Since this new stencil table is topologically compatible with the primary stencil table for refinement, it is convenient and efficient to splice those stencil tables together. This splicing can be done in the following way:

Far::StencilTable const *refineStencils =
                              Far::StencilTableFactory::Create(topologyRefiner);

Far::PatchTable cosnt *patchTable =
                              Far::PatchTableFactory::Create(topologyRefiner);

Far::StencilTable const *localPointStencils =
                                  patchTable->GetLocalPointStencilTable();

Far::StencilTable const *splicedStencils =
        Far::StencilTableFactory::AppendLocalPointStencilTables(topologyRefiner,
                                                          refineStencils,
                                                          localPointStencils);

NOTE: Once the spliced stencil table is created, the refined stencils can be released, but the local point stencils are owned by patchTable, it should not be released.
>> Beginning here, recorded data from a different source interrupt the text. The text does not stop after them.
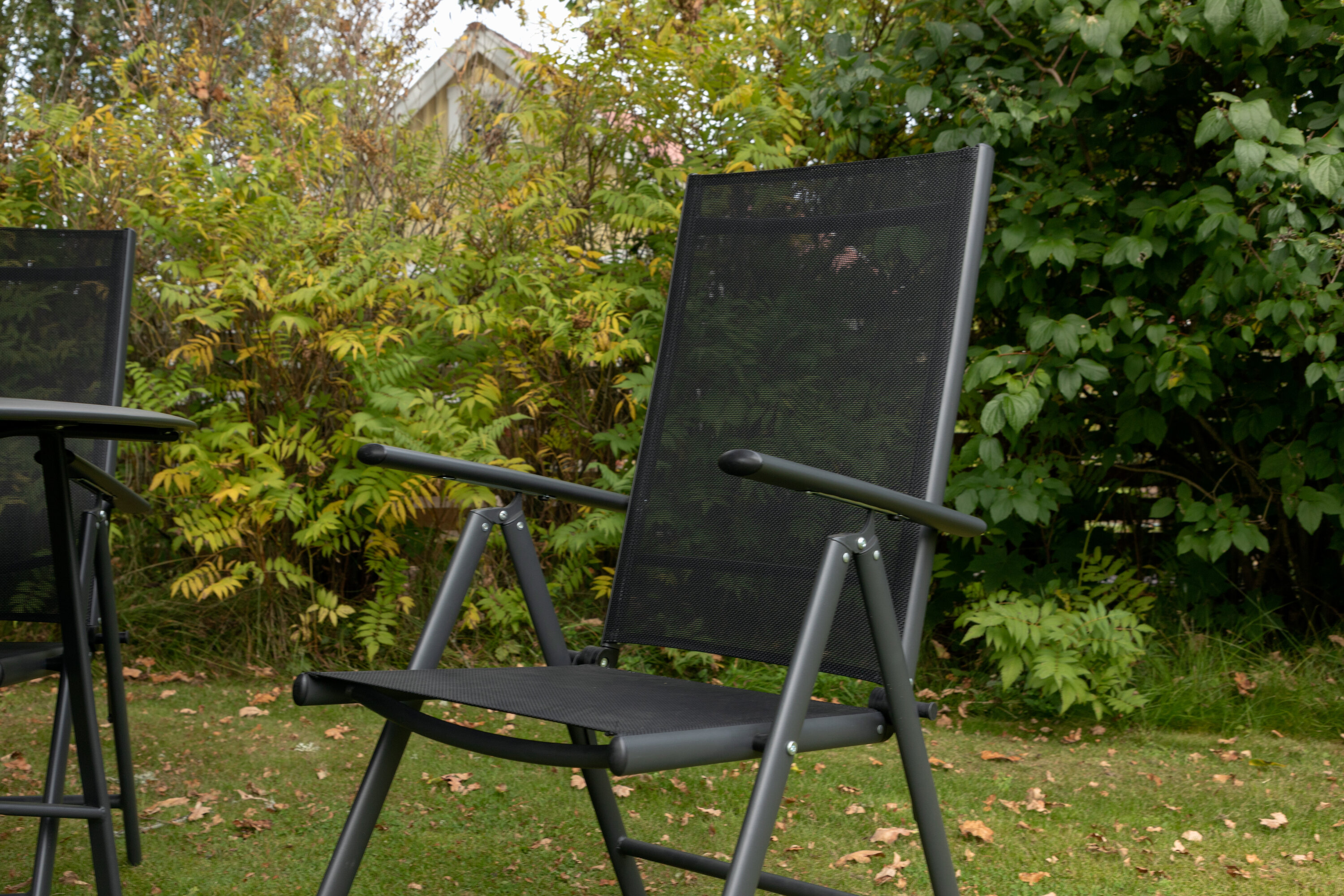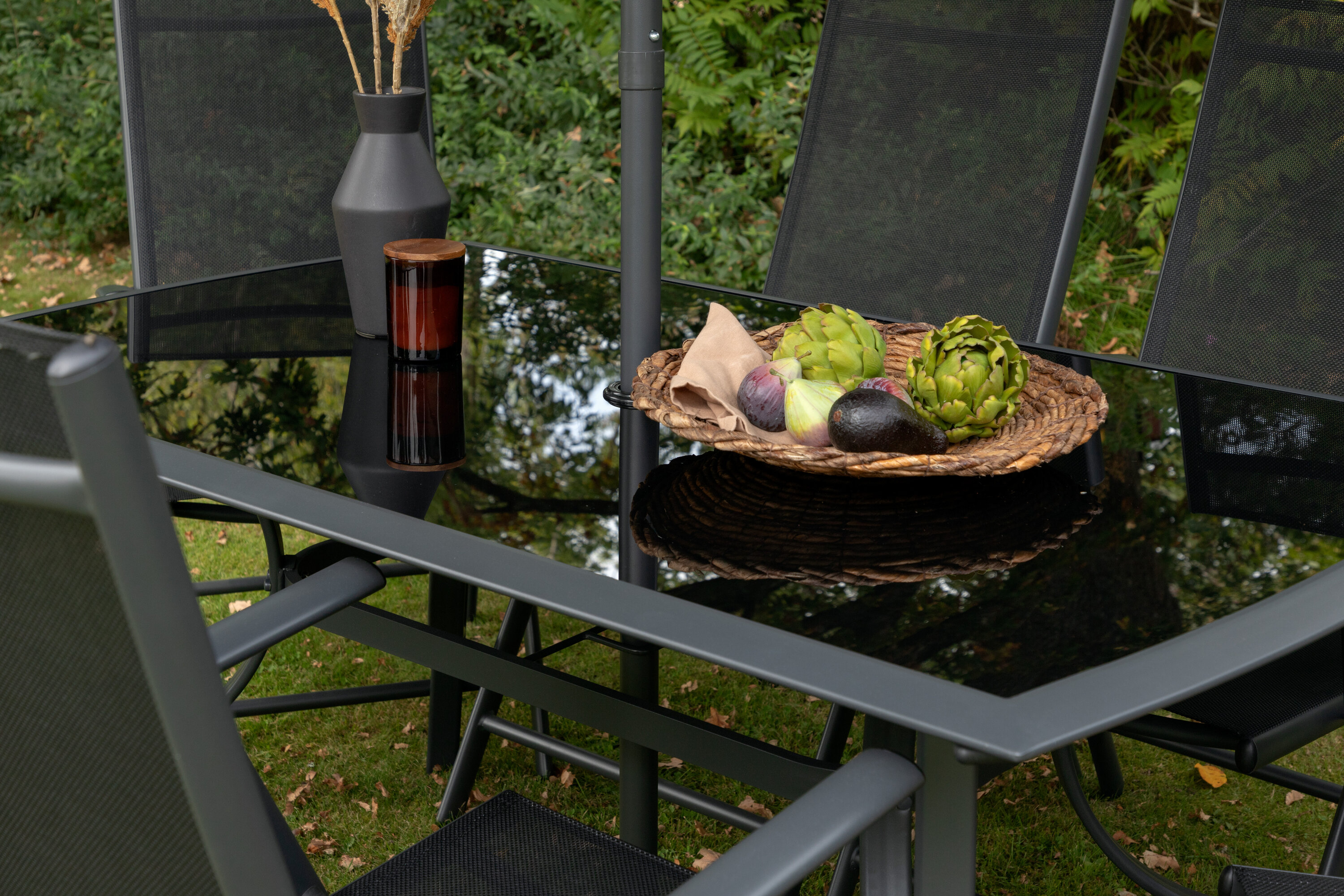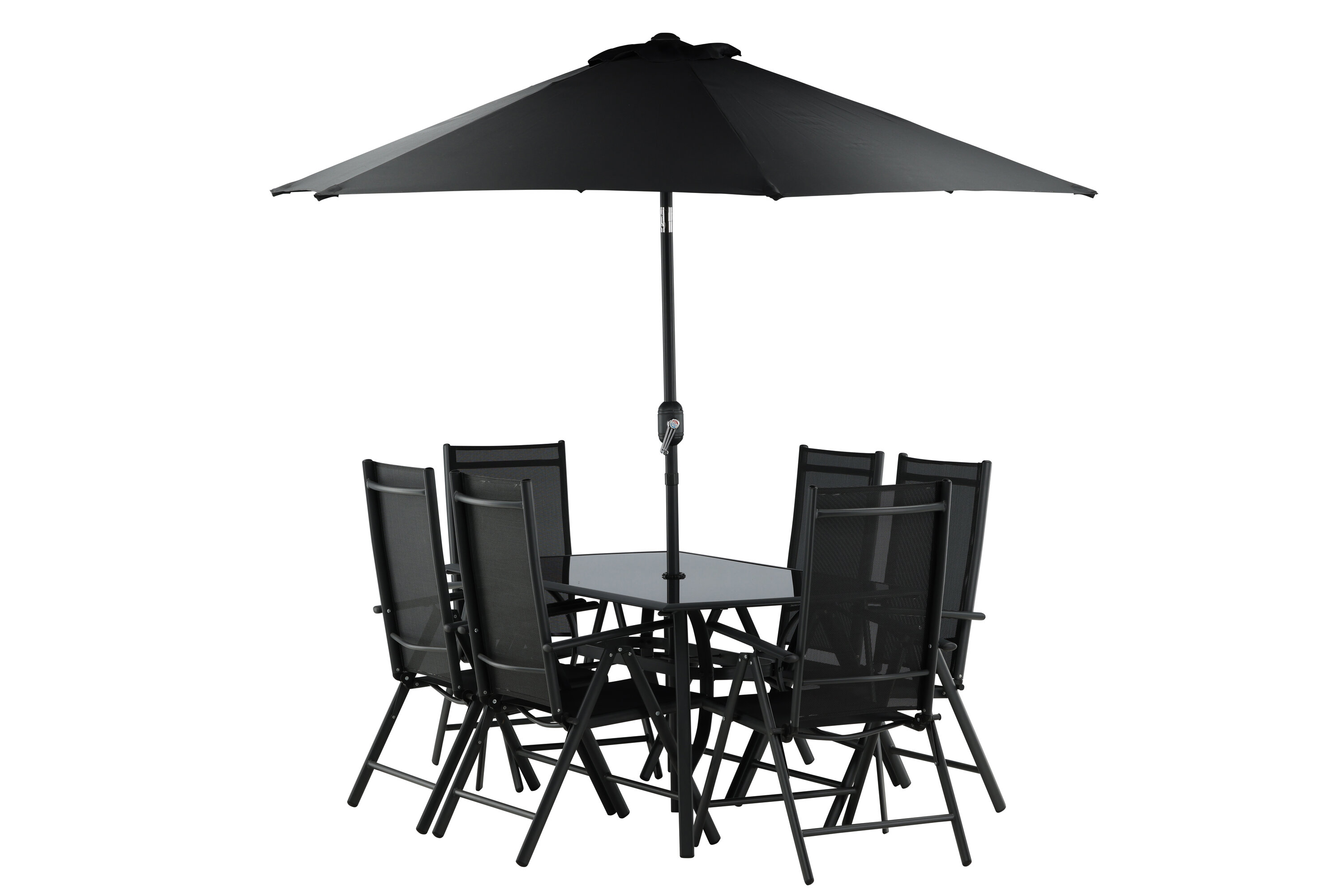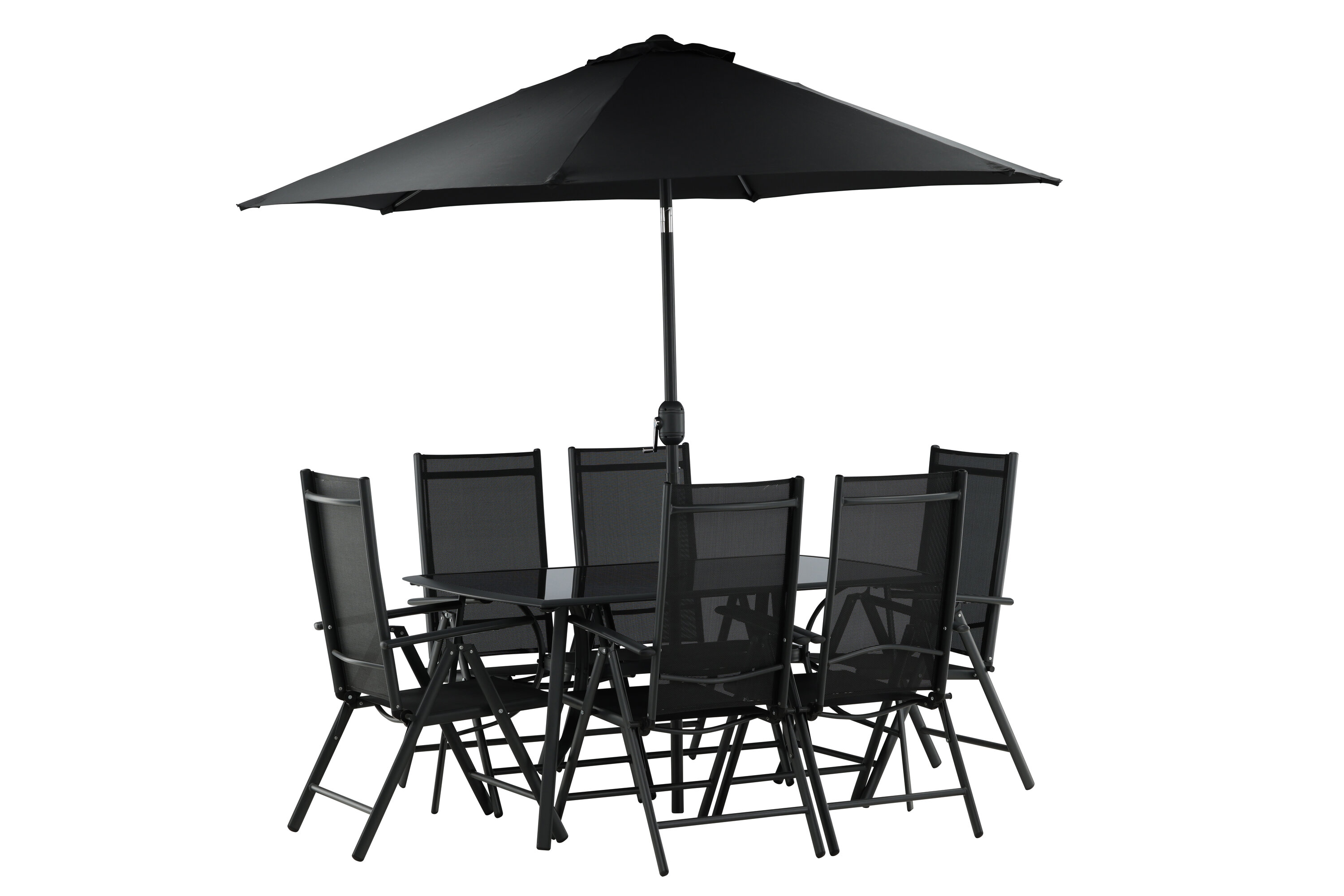 Erfrischen Sie sich eine Weile im Schatten in einer modernen Essgruppe unter einem eleganten Sonnenschirm! Die Brekki Essgruppe bietet sowohl einen stilvollen Esstisch mit einer Tischplatte aus Glas als auch gerade Beine aus schwarzem Aluminium. Hier zusammen mit klappbaren Esszimmerstühlen mit einem Sitz in schwarzer Textilene und Rahmen in Aluminium. Der Sonnenschirm ist in der Mitte des Tisches angebracht und schützt Sie beim Abendessen vor den heißen Sonnenstrahlen. Der Sonnenschirm hat einen schwarzen Stoff mit einem Aluminiumrahmen. Besser geht es nicht!
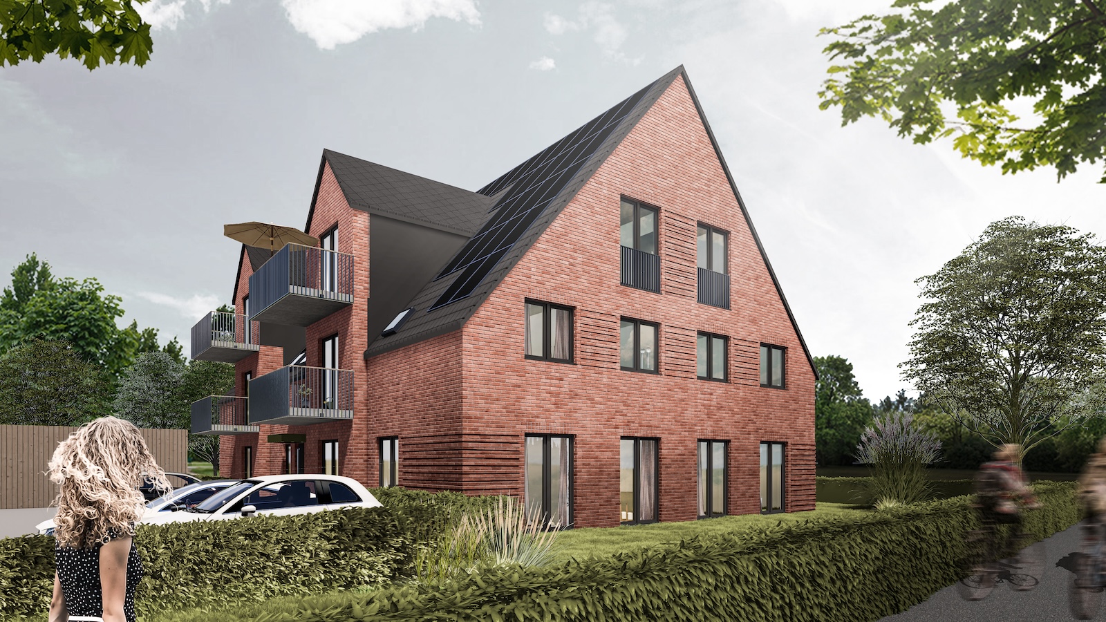 Am Blütenweg 2 in Jork entsteht ein modernes Mehrfamilienhaus mit 10 Wohneinheiten in klarer, zeitgemäßer Architektursprache. Das Gebäude wird nach dem Effizienzhausstandard KfW 40 realisiert und erhält eine QNG-Zertifizierung. So verbindet das Projekt nachhaltige Bauweise, hohe Energieeffizienz und anspruchsvolle Gestaltung.
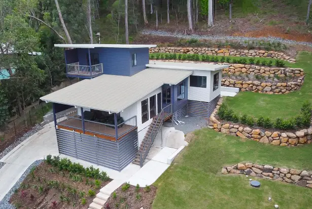 Generally only minor excavation is required underneath a section of the house. There is an area for a double carport or garage plus an additional area that can be enclosed. This area can be built in during the initial construction or enclosed later to include more bedrooms,
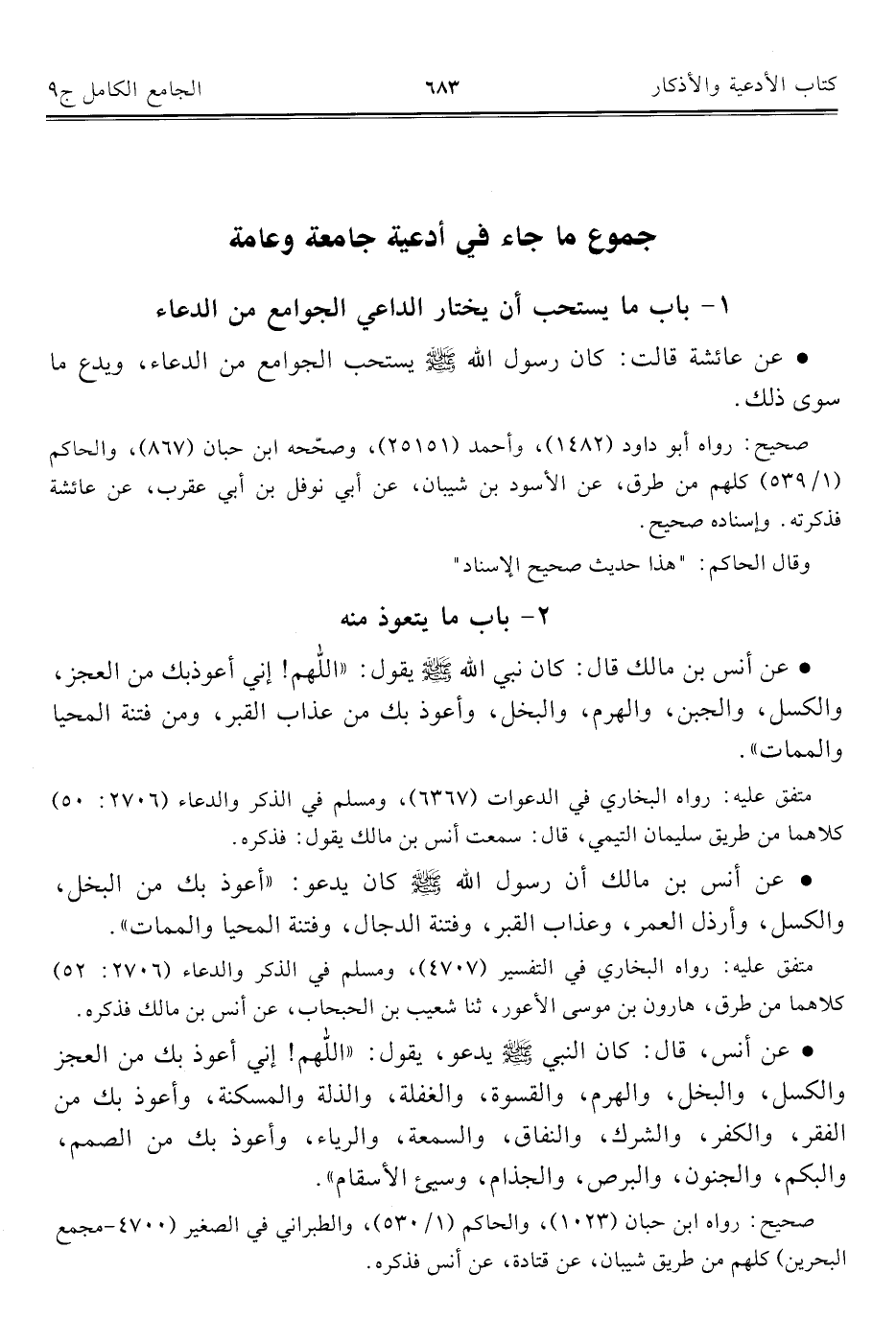 كتاب الجامع الكامل في الحديث الصحيح الشامل المرتب على أبواب الفقه (اسم الجزء: 9)
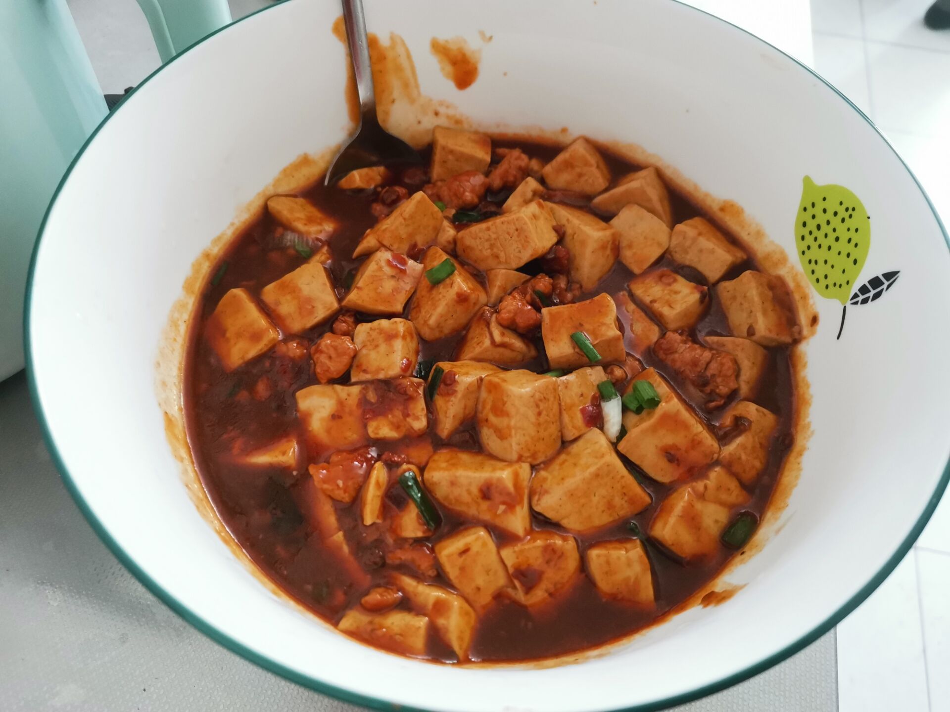 5.炒好肉末之后的清水加多了,应该只需要加到刚刚末过豆腐就行。

OpenSubdiv 3.0 also supports 2.x style Gregory patches, if ENDCAP_LEGACY_GREGORY is specified to PatchTableFactory::Options. In this case, such an extra stencil splicing isn't needed, however clients must still bind additional buffers (VertexValence buffer and QuadOffsets buffer).

See Osd::GLLegacyGregoryPatchTable for additional details.

Changes to Subdivision

The refactoring of OpenSubdiv 3.0 data representations presented a unique opportunity to revisit some corners of the subdivision specification and remove or update some legacy features -- none of which was taken lightly. More details are provided in Subdivision Compatibility, while the following offers a quick overview:

  • All face-varying interpolation options have been combined into a single enum.
  • Vertex interpolation options have been renamed or removed:
    • The naming of the standard creasing method has changed from Normal to Uniform.
    • Unused legacy modes of the "smoothtriangle" option have been removed.
  • The averaging of Chaikin creasing with infinitely sharp edges has changed.
  • Support for Hierarchical Edits has been removed.

Build Support for Combining 2.x and 3.0

Running OpenSubdiv 2.0 and 3.0 in a single process is supported, however some special care must be taken to avoid namespace collisions, both in terms of run-time symbols (avoid "using OpenSubdiv::Osd", for example) and in terms of build-time search paths.

To support both OpenSubdiv 2.0 and 3.0 in your build environment, you can prefix the header install directory of OpenSubdiv 3.0. Do this using the build flag "CMAKE_INCDIR_BASE" when configuring cmake (i.e. -DCMAKE_INCDIR_BASE=include/opensubdiv3) and then including files from "opensubdiv3/..." in client code.